AIM OF THE TASK: Without including any picture, write out the entries exactly as they stand.

[Source data]
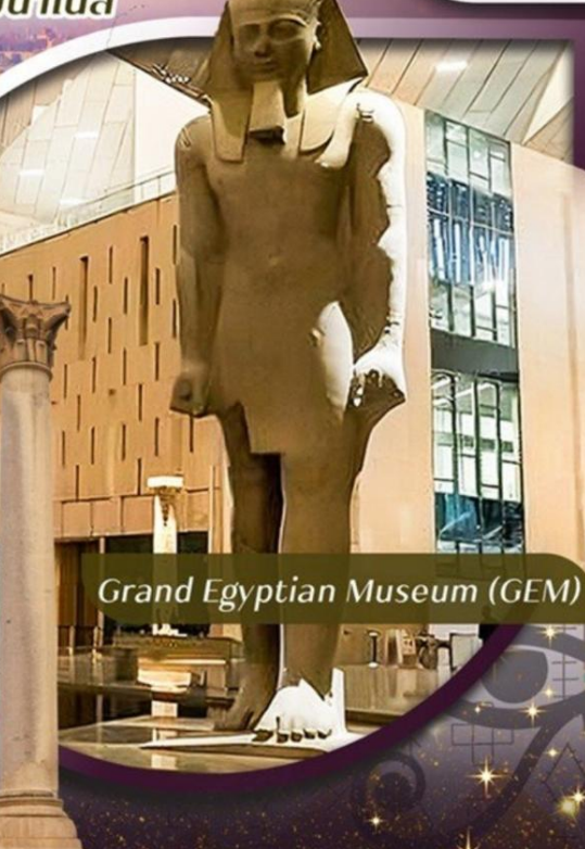
Grand Egyptian Museum (GEM)

คอนเฟิร์มออกเดินทาง ตั้งแต่ 15 ท่าน ขึ้นไป
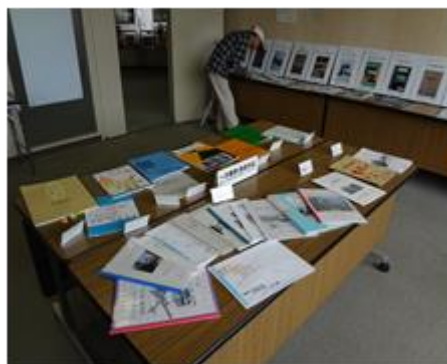
作品展示コーナー
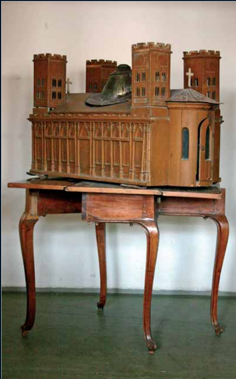
Pollack Mihály 1805-ben ilyennek képzelte el a pécsi székesegyházat
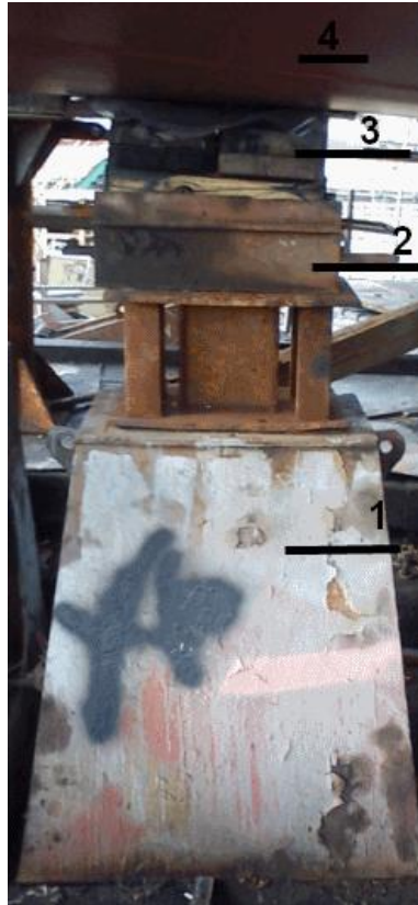
Slika 7. Pješčana potklada 1- čelična baza, 2- pješčana kutija, 3- meko drvo, 4- trup broda

Primarno, svrha pješčane kutije je prijenos opterećenja na čeličnu konstrukciju te sa čelične konstrukcije baze na sam navoz, a sekundarno, veoma brzo i efikasno rušenje potklada prije porinuća broda kako bi se brod postavio na sustav saona - saonice. Rušenje se obavlja tako da se maljem izbije metalna ploča, prikazana na slici 8, ispod pješčane potklade, koja u sebi ima rupu kroz koju procuri pijesak, te se na taj način potklada može odstraniti bez rezanja. Ušteda u vremenu, materijalu i radu.
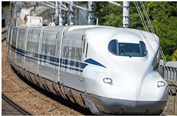
Trem bala Shinkansen
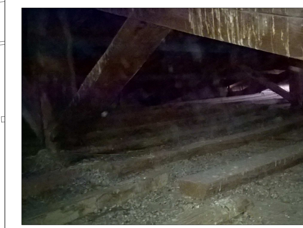
Particolare della capriata lignea
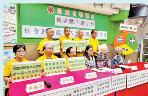
◆ 明愛長者聯會調查顯示，逾六成受訪長者在身體狀況許可下，希望留在香港居家安老。

「我住天水圍，有一次要去荃灣看醫生，沒能預約陪診服務，好在有個好心人和我同路，我才順利到達，但回程時又搭錯車。」她認為對於體弱長者而言，陪診、清潔和送

RESULT BELOW:
Grand Egyptian Museum (GEM)

คอนเฟิร์มออกเดินทาง ตั้งแต่ 15 ท่าน ขึ้นไป
作品展示コーナー
Pollack Mihály 1805-ben ilyennek képzelte el a pécsi székesegyházat
Slika 7. Pješčana potklada 1- čelična baza, 2- pješčana kutija, 3- meko drvo, 4- trup broda

Primarno, svrha pješčane kutije je prijenos opterećenja na čeličnu konstrukciju te sa čelične konstrukcije baze na sam navoz, a sekundarno, veoma brzo i efikasno rušenje potklada prije porinuća broda kako bi se brod postavio na sustav saona - saonice. Rušenje se obavlja tako da se maljem izbije metalna ploča, prikazana na slici 8, ispod pješčane potklade, koja u sebi ima rupu kroz koju procuri pijesak, te se na taj način potklada može odstraniti bez rezanja. Ušteda u vremenu, materijalu i radu.
Trem bala Shinkansen
Particolare della capriata lignea
◆ 明愛長者聯會調查顯示，逾六成受訪長者在身體狀況許可下，希望留在香港居家安老。

「我住天水圍，有一次要去荃灣看醫生，沒能預約陪診服務，好在有個好心人和我同路，我才順利到達，但回程時又搭錯車。」她認為對於體弱長者而言，陪診、清潔和送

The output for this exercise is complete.